No price premium for new Jag diesel

DIESEL will be a no-cost option when Jaguar drives its landmark oil-powered X-type into showrooms this autumn. It will also be its first four cylinder model in decades.

The entry-level price has been set at £19,995 on-the-road for the first diesel model to be rolled out by the famous Coventry firm – and with price-tags of £22,245 and £22,995 respectively, Sport and SE versions will also mirror the current petrol line-up.

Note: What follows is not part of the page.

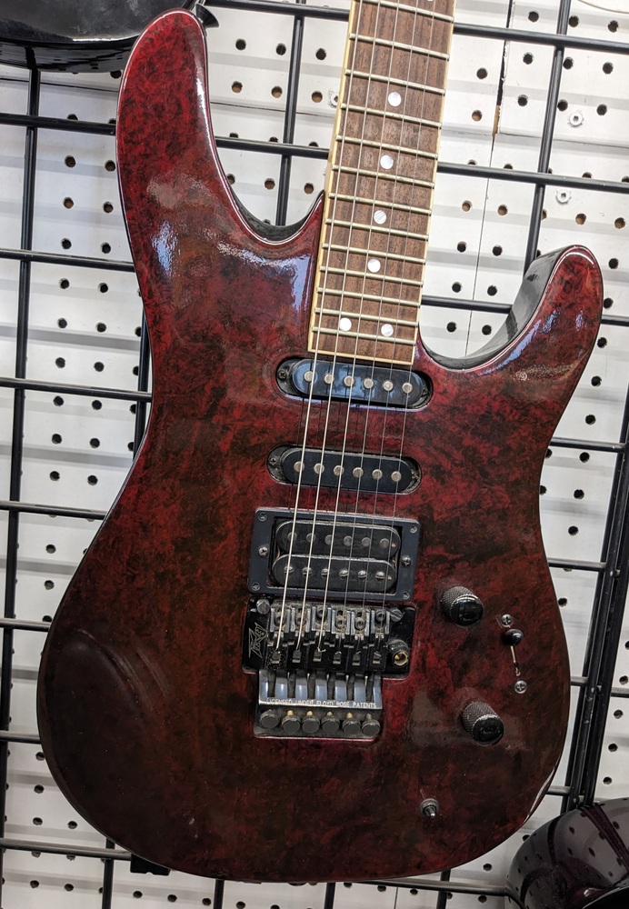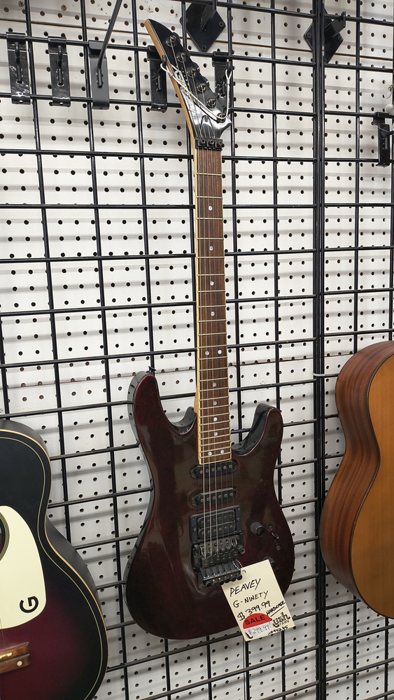 The Peavey G Ninety guitar is a premium musical instrument featuring a solid body design known for its exceptional tonal quality and versatility. Its easy playability, rich tone, and remarkable durability, make it a desirable piece for both hobbyists and professionals. Comes with a hardcase for protection and portability.

Jaguar corporate operations manager James Drake-Lee, said: 'Jaguar's reputation has been built on linking driving excitement with value for money and this rationale continues with our move into diesel. We want this new range to be just as compelling as the present X-type.'

Powered by a revised version of the acclaimed 2.0-litre TDCi common rail unit developed for the Ford Mondeo, the range will be available from September. The burgeoning diesel market is key to swelling lower-than-expected sales of the car.

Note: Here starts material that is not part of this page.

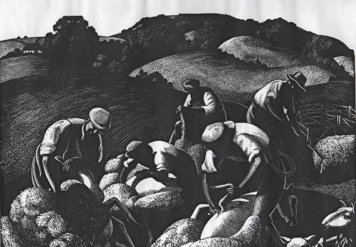 Diese Radierung untermalt das Kapitel "May: Sheep Shearing" (Mai: Schafe Scheren) aus dem Kalender "The Farmer´s Year. A Calendar of English husbandry" von Clare Leighton aus dem Jahr 1933.

Drake-Lee added: 'I don't want to talk about numbers, but 50% of the 19,000 X-types sold last year went to corporate users. Now we're hoping to win interest from those drivers who are conscious of benefit-in-kind charges.'

With a 0-62mph acceleration time of 9.5secs and a 125mph top speed, the diesel X-type closely matches its petrol-driven stablemate on performance.

But the 128bhp car will offer clear advantages in operating costs with a class-leading CO2 emissions figure of 149g/km and combined fuel economy of 50.3mpg. After losing business to rivals such as Audi, BMW and Mercedes-Benz in the prestige diesel sector for several years, Jaguar will field a second diesel line in 2004 when the S-type becomes available with an advanced new 2.7-litre V6 engine that has been developed jointly with PSA Peugeot-Citroen.

The 24-valve V6 diesel will be Euro IV compliant and offer power outputs of up to 204bhp with up to 325lb-ft of torque.

Leave a comment for your chance to win £20 of John Lewis vouchers.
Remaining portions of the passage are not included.